Landscape, Power, and Working-Class Communities

Edited by Oliver J. Dinius and Angela Vergara

Company towns were the spatial manifestation of a social ideology and an economic rationale. The contributors to this volume show how national politics, social protest, and local culture transformed those founding ideologies by examining the histories of company towns in six countries: Argentina (Firmat), Brazil (Volta Redonda, Santos, Fordlândia), Canada (Sudbury), Chile (El Salvador), Mexico (Santa Rosa, Río Blanco), and the United States (Anaconda, Kellogg, and Sunflower City).
 
Company towns across the Americas played similar economic and social roles. They advanced the frontiers of industrial capitalism and became powerful symbols of modernity. They expanded national economies by supporting extractive industries on thinly settled frontiers and, as a result, brought more land, natural resources, and people under the control of corporations.
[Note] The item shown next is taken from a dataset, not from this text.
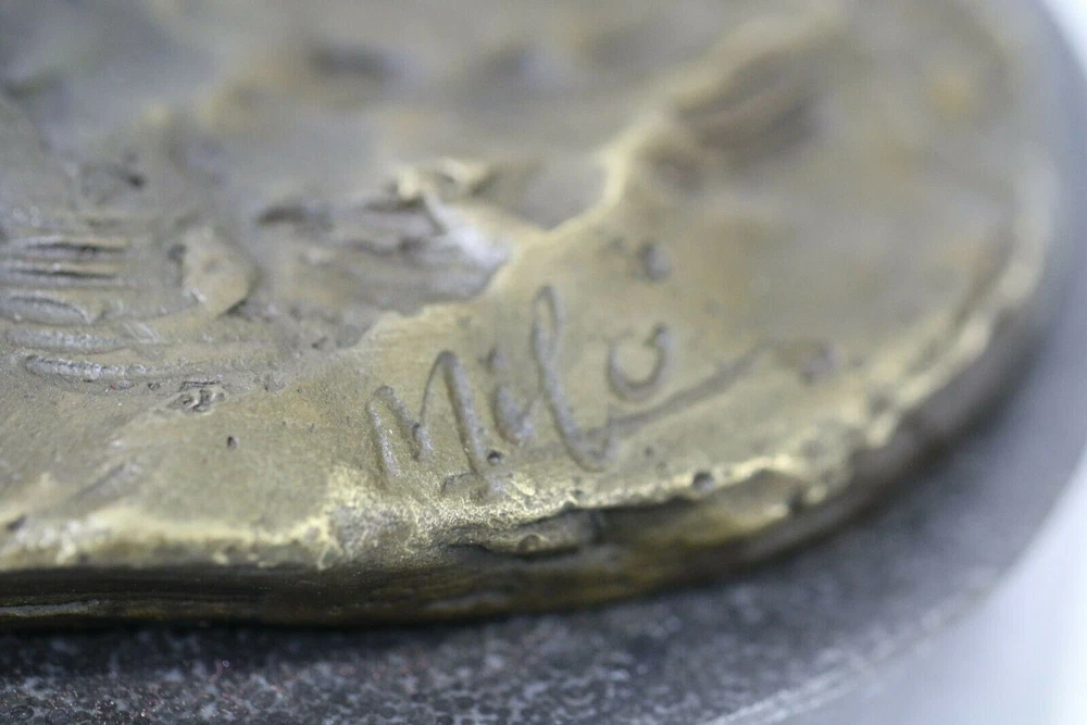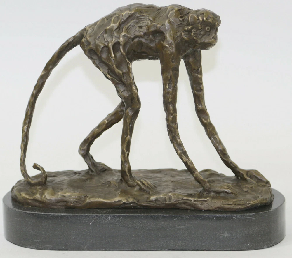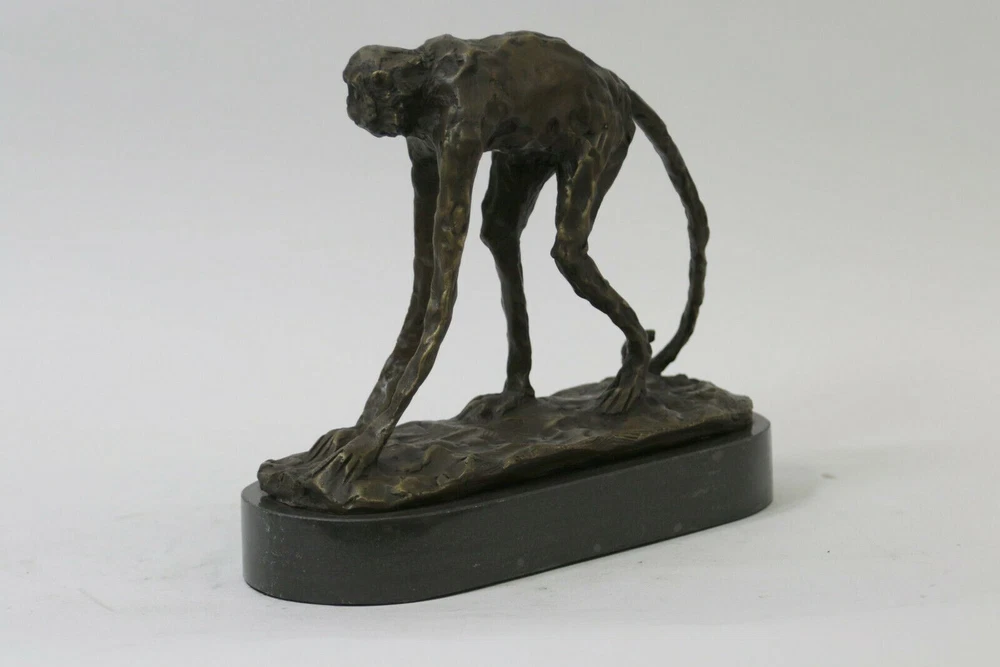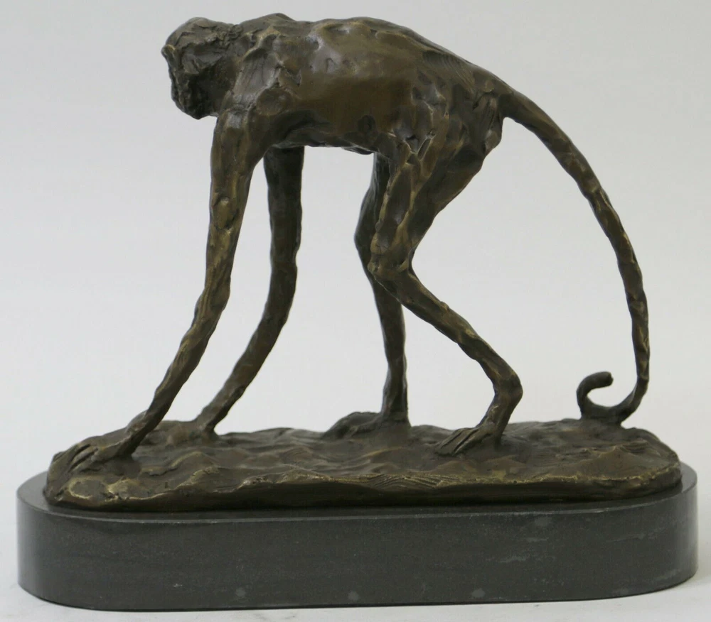 . Condition:nbsp; This sculpture is in perfect condition. Bronze Dimensions with Marble Base: Height 10" X Width 11.5" Marble Dimensions: Diameter 11.5" Height without base: 9" Weight: 14 LBS Inventory: 31FDW0985673 Discover the captivating world of Miguel Lopez's animal sculptures with this exquisite bronze figurine of an ape. As one of the most impressive pieces of the modern era, it seamlessly embodies the artistic legacy of the renowned Portuguese artist. With over 500 sculptures and statues created throughout his career, Milo's Walking Ape stands as a testament to his exceptional talent and unique approach to art. Mounted on a discreet marble base, the bronze ape figurine showcases authentic, slender proportions with a slightly abstracted surface design, reflecting the artist's time in Paris and his innovative style. The Walking Ape is one of Milo's masterpieces, skillfully accented with polishings that highlight the valuable material. Each sculpture undergoes a meticulous casting and refining process by hand, adhering to the well-established lost wax technique and strict quality guidelines. Experience the artistry firsthand with this signed piece by the artist, Milo. The decorative bronze ape figurine brings a touch of elegance and sophistication to any space, making it a treasured addition to your art collection or a thoughtful gift for any art enthusiast. Embrace the legacy of Miguel Lopez and his enthralling animal sculptures through this extraordinary creation. Abstract Modern Art Artwork Ape Monkey Animal Bronze Sculpture Marble Decor Sale www.bronzhaus.com Video will open in a new window Using the eBay App? Paste link into a browser window: [isdntekvideo]

U.S. multinational companies exported ideas about work discipline, race, and gender to Latin America as they established company towns there to extend their economic reach. Employers indeed shaped social relations in these company towns through education, welfare, and leisure programs, but these essays also show how working-class communities reshaped these programs to serve their needs.
 
The editors’ introduction and a theoretical essay by labor geographer Andrew Herod provide the context for the case studies and illuminate how the company town serves as a window into both the comparative and transnational histories of labor under industrial capitalism.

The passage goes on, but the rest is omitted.